Intel sells an MPI library that is based on MPICH2 from ANL, and their latest version 3 adds extensions to the PMI startup protocol used by mpiexec and other job launchers to communicate with the MPI tasks. Thanks to documentation from Intel and a patch from Thomas Zeiser, mpiexec works with Intel MPI version 3 as of this release.
As multi-core processors and large SMPs become more prevalent, issues related to the allocation and scheduling of processing tasks and memory regions become important to achieving good performance. Past mpiexec versions did not distinguish one CPU from another on a given node, where node is defined as a single machine in the PBS sense. This release adds code that is careful to track individual per-CPU identifiers as given from PBS. While users will not notice this change, future support in Torque for cpusets or other placement mechanisms will take advantage of this feature.
Also useful for large SMPs is the new command-line switch '-npernode', which is a generalization of '-pernode' that places no more than a given number of tasks on a single node. This idea and patch are also from Thomas.

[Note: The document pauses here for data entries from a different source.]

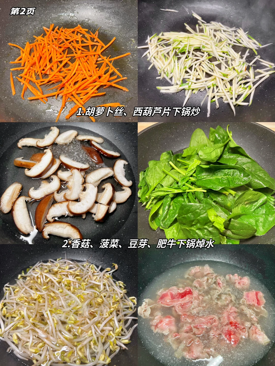 2、香菇、菠菜、豆芽、肥牛下锅焯水 🍄🥬
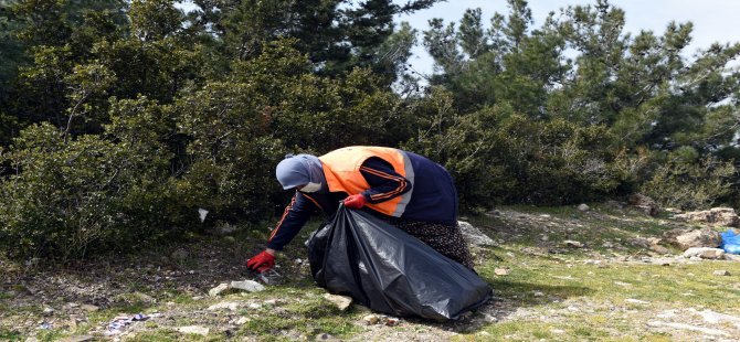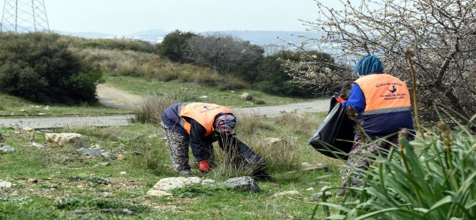 Aliağa Belediyesi, kentin akciğeri konumunda olan ormanlık alanlarda temizlik çalışması başlattı.
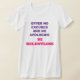 The material is a great quality that is hard to find with most tee shirts. Fabric was not see-through or thin at all, but was also very soft and comfortable. The shirt description states that it runs a little small, so I sized up one size for a perfect fit! I would definitely buy this type of tee shirt again because I love the fit and high quality fabric that I cannot find anywhere else. The printing was perfect and just as pictured. Loved the cute quote and really enjoy the tee in both the quality and design. I love quirky typography designs and funny quotes and I am extremely pleased with the overall quality and value I get at Zazzle!
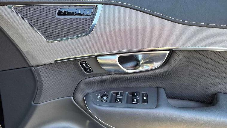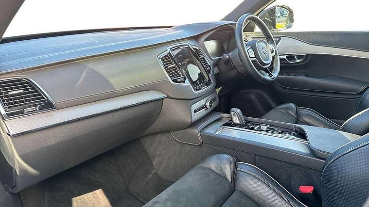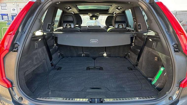 Metal mesh inlays, Tailored Instrument Panel and Door Tops with Contrast Stitching, Tyre sealant kit + 12v compressor, Anti-theft alarm including immobiliser/volume sensor + level sensor, Care key with user defined top speed, Key integrated remote control central locking + fuel flap with deadlocking system and auto open/close power windows, Keyless drive (includes keyless entry and keyless start) with remote tag, Locking wheel nuts, Private locking for glovebox and tailgate, DAB Radio (Digital Audio Broadcasting), Steering wheel remote infotainment controls, 7 three point seatbelts, City safety includes pedestrian, cyclist and large animal detection and front collision warning with full auto brake, Drivers knee airbag, Dual stage driver/passenger airbags, First aid kit, Front seats SIPS airbags, Hill descent control, Hill start assist, IC (Inflatable Curtains) - Full Length, Passenger airbag cut-off switch, Power parking brake with auto hold function, Run off Road Mitigation, Run off Road Protection, Seatbelt reminder and pretensioners for all seats, SIPS (Side Impact Protection System), Slippery road and hazard light alert, Stability and Traction Control with Spin control, Engine Drag Control and Corner Traction Control, Tyre pressure monitoring system, Vehicle deceleration control with Anti-lock Brake System, Electronic Brake Distribution and Emergency Brake Assist, Warning triangle, WHIPS whiplash protection system - front, Adaptive brake lights with high level LED brake lights, Auto dimming interior + exterior mirrors, Automatic headlight levelling system, Automatic LED Headlights + Active high beam incorporating daytime running lights, Body colour bumpers, Dark tinted windows for rear side windows and cargo area, Dual integrated exhaust pipes with high gloss black surround, Electric folding and heated door mirrors, Front and rear power windows, Heated washer nozzles, High gloss black Deco lower front bumper, High gloss black door mirrors, High gloss black mesh front grille with surround, High gloss black window surround, Home safe and approach lighting, Integrated roof rails in high gloss black, Puddle lights, Rain sensor with automatic windscreen wiper activation, Rear wash/wipe with intermittent wipe setting, Roof antenna, Roof spoiler, Visible VIN plate, 12V socket front tunnel console, rear passenger compartment and cargo area, 2nd Row centre armrest with storage and cupholders, 3 spoke leather steering wheel and illuminated gear knob with chrome trim, 4 Zone electronic climate control + cooled glovebox, Air conditioning for 3rd row of seats, Ambient door and instrument panel lighting, Auxiliary fuel fired heater with pre conditioning functions, B Pillar ventilation, Bright metal luggage threshold, Cargo divider with grocery bag holder, Centre console cupholders and storage, Charge cable bag, Driver's side lower dashboard storage compartment, Front and rear door pocket and front cupholder illumination, Front footwell and side step illumination, Front headrests, Front seat cushion extensions, Heated front seats, Height/reach adjustable steering column, Illuminated luggage compartment, Illuminated tailgate, Illuminated vanity mirrors + ticket holder, Illumination lockable glovebox compartment, Integrated sun curtains in rear doors, Load protection net, Multicolour theatre lighting, Outboard armrest with cupholder and storage for third row passengers, Power driver seat with multi directional lumbar support and memory for seat and exterior mirrors, Power folding 2nd row headrests, Power passenger seat with lumbar support, Rear footwell and side step illumination, Rear headrests, Recharge aluminium tread plates, Semi automatic load cover, Sports floor mats, Sports leather gear knob, Sports pedals, Sports steering wheel, Steering wheel audio controls, Three 2nd row individual folding passenger seats with fore/aft adjustment, Two 3rd row individual folding passenger seats, Underfloor cargo storage, 12.3" Active TFT crystal driver's instrument display, 9" centre console portrait touch screen, Adjustable steering wheel force, Bluetooth hands free telephone connection, Drive mode settings, Driver alert control with lane keeping aid, Handsfree power tailgate opening and closing, Intellisafe assist - Adaptive cruise control with pilot assist, Oncoming Lane Mitigation, Sensus navigation with European mapping and traffic information, Service interval indicator, Speed limiter, Speed sensitive steering, Trip computer, Voice activated control for key functions, Volvo on call, 8 speed automatic transmission with start/stop + manual change functions, All wheel drive system, Electric rear axle drive, Lithium-ion battery, Recharging port located in nearside front wing,
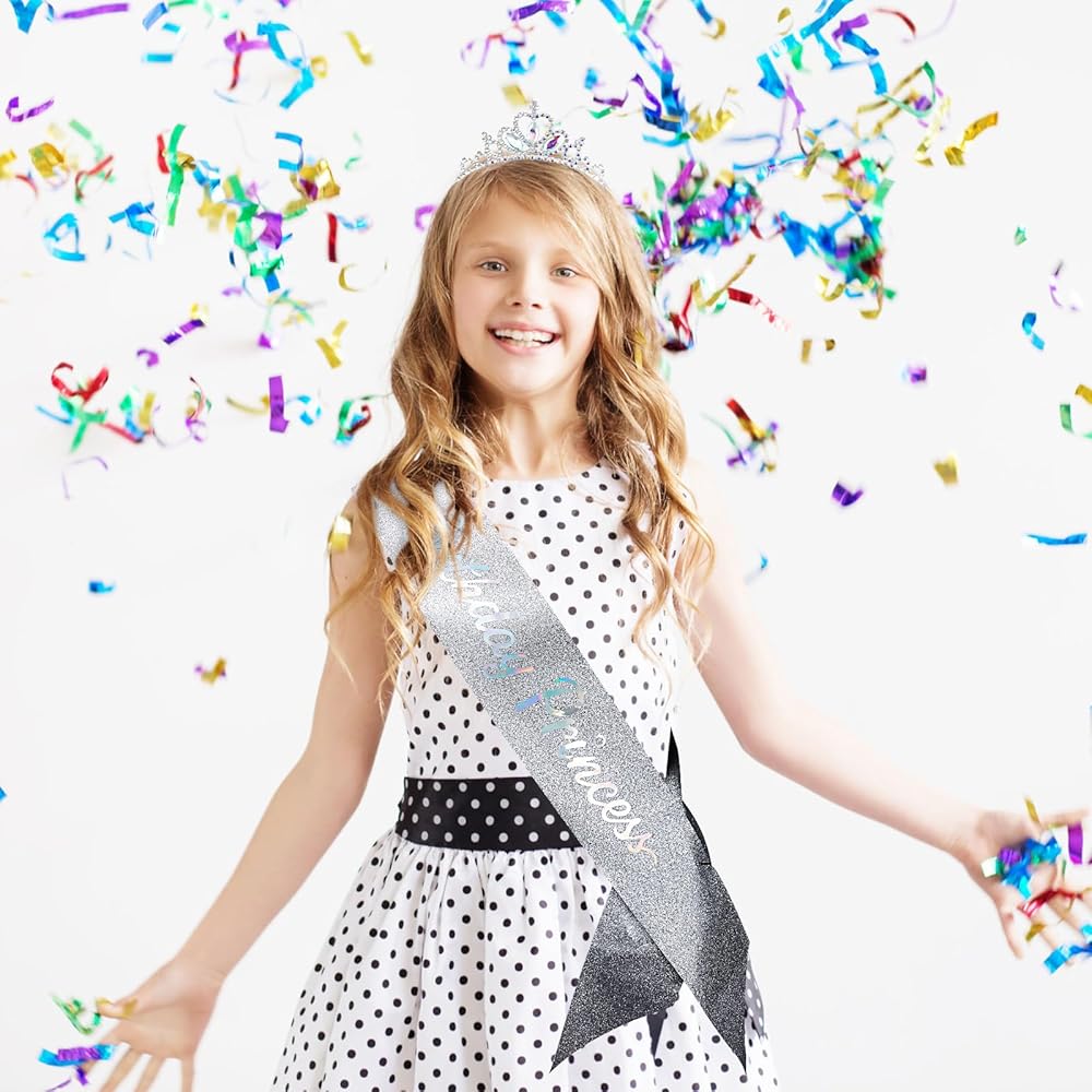 👑 أميرة عيد الميلاد: غطاء رأس الأميرة الأنيق مغطى بأحجار الراين المتلألئة والكلمات الموجودة على الوشاح ملونة، مما يضيف لك إحساسًا بالنبل. يمكن أن يمنحك الوشاح والتاج الخاص بنا حفلة عيد ميلاد خيالية ويجعلك الأميرة الوحيدة عيد ميلادك.
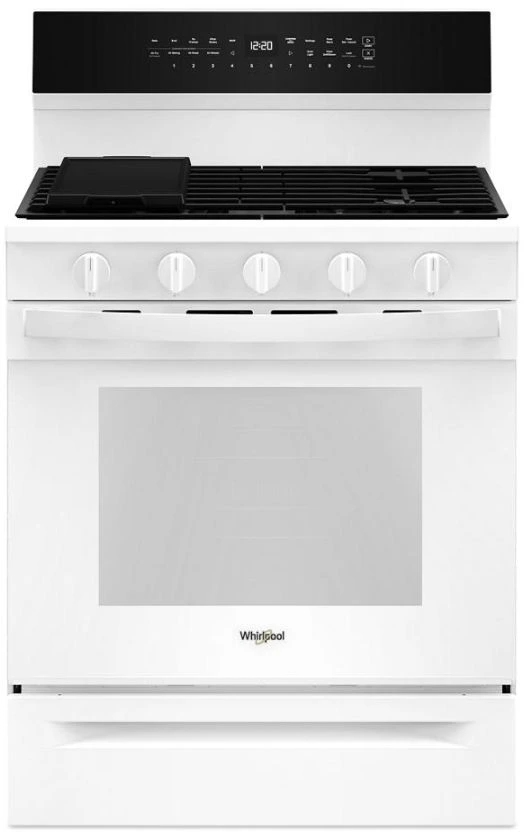 Whirlpool® 30" White Freestanding Gas Range features SpeedHeat™ Burner, Air Cooking Technology, EZ-2-Lift™ Hinged Cast-Iron Grates, No Preheat Air Fry, Steam Clean, No Preheat Mode, Griddle Zone, and Keep Warm Setting.Read More
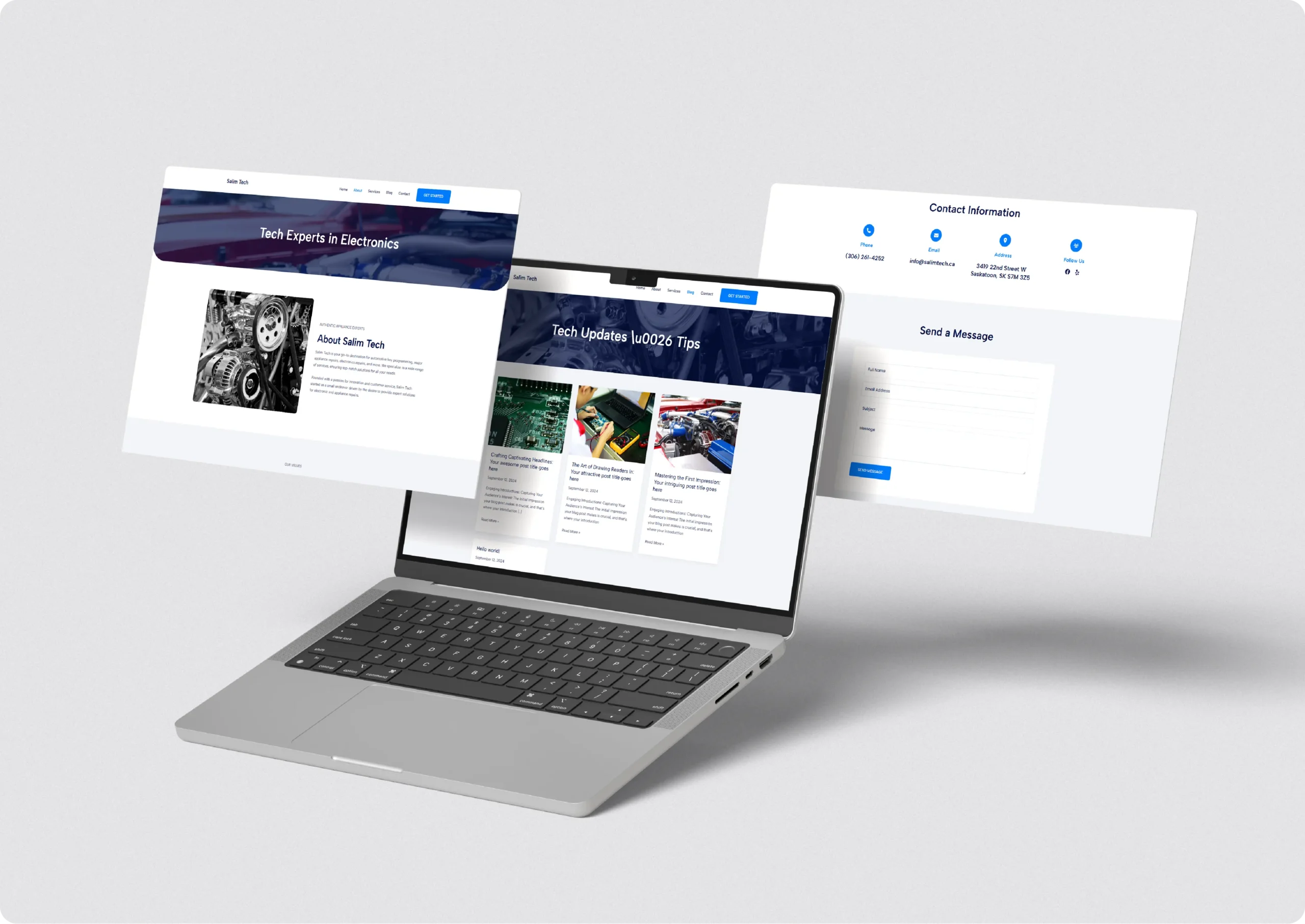 Custom Website Design: Crafted a visually appealing website that reflects Salim Tech’s brand identity and highlights its range of services.
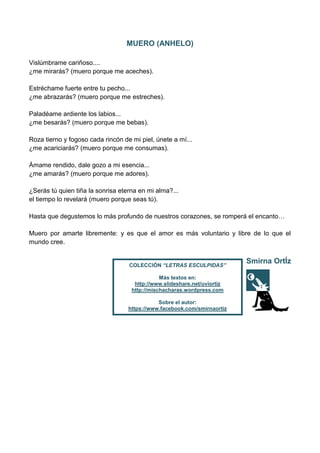 El poema expresa el anhelo de ser amado intensamente a través de gestos físicos y emocionales como miradas, abrazos, besos y caricias. El autor dice morir por ser amado libremente y de forma voluntaria, más allá de las limitaciones del mundo. Finalmente, el poema forma parte de una colección de textos escritos por Smirna Ortiz.
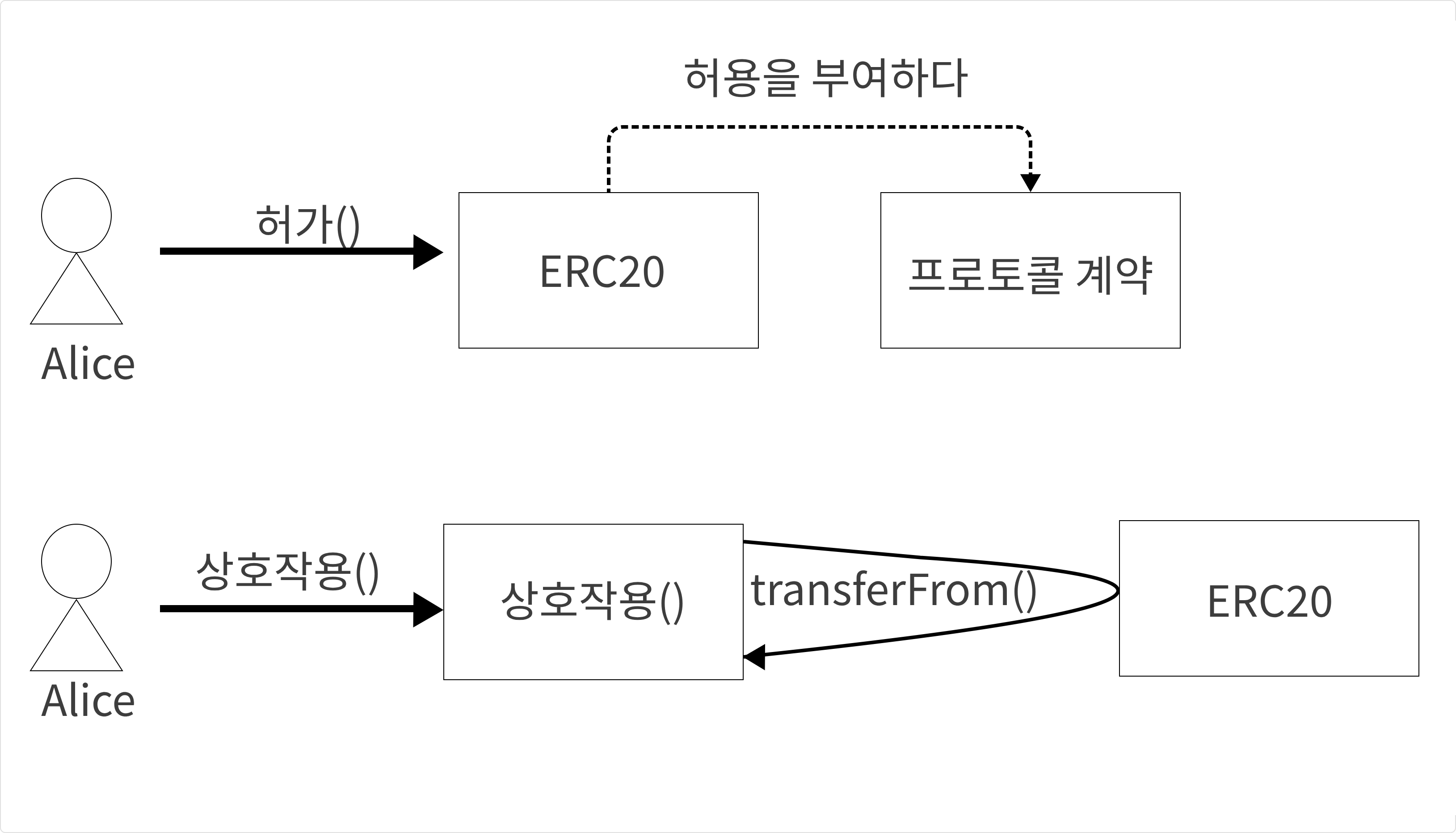 2. Alice는 컨트랙트에서 상호작용 함수를 호출하고, 이 함수는 다시 ERC20 토큰 컨트랙트에서 transferFrom()을 호출하여 그녀의 토큰을 이동시킵니다. 이 모델이 실행 가능하고(널리 존재하므로) 궁극적으로 매우 유연할 수 있음은 명백합니다. 프로토콜이 장기간 사용자의 토큰에 지속적으로 접근할 수 있기 때문입니다.
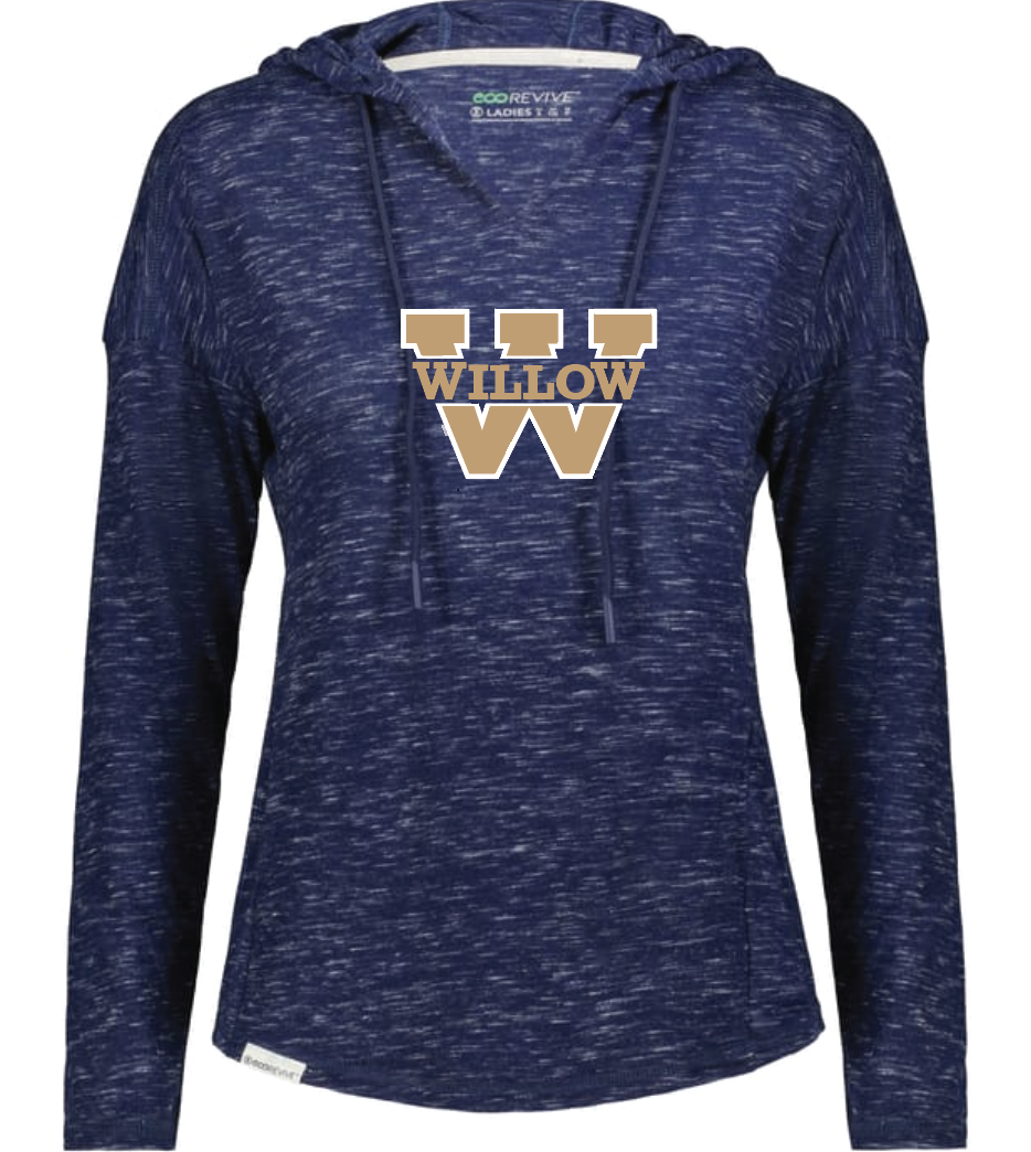 > WOMENS HEATHER NAVY VNECK LIGHT WEIGHT LONG SLEEVE HOODIE WITH SCREENED (WILLOW W) LOGO
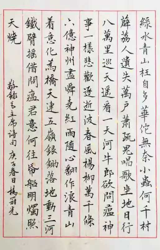 释文:毛主席词两首《送瘟神》《沁园春长沙》
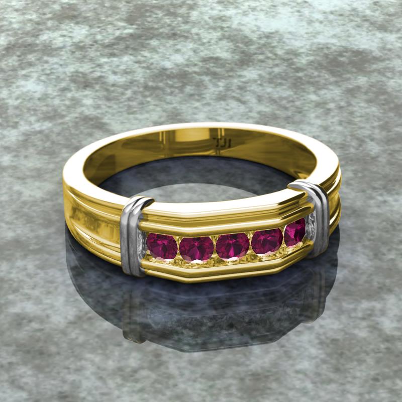 • Channel-set arrangement with 5 Rhodolite Garnet 0.58 ctw/3 mm, offering various framing styles.

The -transform-hostname feature now works on mpich2/pmi, thanks to prodding by Brad Settlemeyer, meaning you can cause your MPI program to use a separate ethernet interface for message passing than what PBS uses.
Some minor enhancements:
Shell-style comments starting with '#' are now permitted in config files.
The status summary printed by mpiexec when it exits is more careful to distinguish among the possible failure cases, including when tasks were not started due to previous failures. It does, however, no longer complain when exit statuses were not received from tasks terminated by PBS due to going over the walltime allocation, for example. This was too misleading and apparently difficult to fix it Torque.
Explain more in the runtests.pl test script about hangs caused by buggy MPI versions. Failing to implement MPI_Abort properly (or at all) is a common error.
Numerous bug fixes and compile problems.
This release ended up having lots of changes. It was a long 9 months ago when the previous release happened, so perhaps that is not too surprising.
Startup for GM (or MX) and InfiniBand is now asynchronous, meaning that mpiexec will spawn tasks and pay attention to ones that are starting up at the same time. This greatly increases the speed for large systems, and avoids timeouts in newly created clients. The largest reported machine using this work is an 8000-ish processor InfiniBand cluster at Sandia.
Code was added to support modifications to the startup protocol by mvapich, an MPICHv1 on InfiniBand library. However, the latest mvapich version 0.9.7 does not work with mpiexec. See the next news item below.
Support was added for Myrinet's new message passing protocol, MX. The Myricom developers were nice enough to make MX look a lot like GM as far as mpiexec is concerned, so they are both supported in the same code.
Support for MPI2 process management features was added. You can now call MPI_Spawn and have mpiexec add more processes dynamically to your job. This works with the PMI interface used by MPICH v2 from ANL and vendor releases based on that code. Other MPI2 features such as name publishing are supported too.
Some fixes for PBSPro issues were added, to work around both syntactic and
semantic changes in the PBSPro version of the TM and PBS interfaces. One nice
new feature for people using PBSPro is the redirection helper. It
enables the use of stdio redirection without assistance from PBSpro. If you
configure with --enable-pbspro-helper
, a second binary will be
built and installed. Mpiexec launches this code on each compute node; it
takes care of connecting the stdio sockets back to mpiexec, then starts your
MPI task.
The source code repository is now SVN, not CVS, mainly due to the good support and encouragement of HPC system staff at OSC.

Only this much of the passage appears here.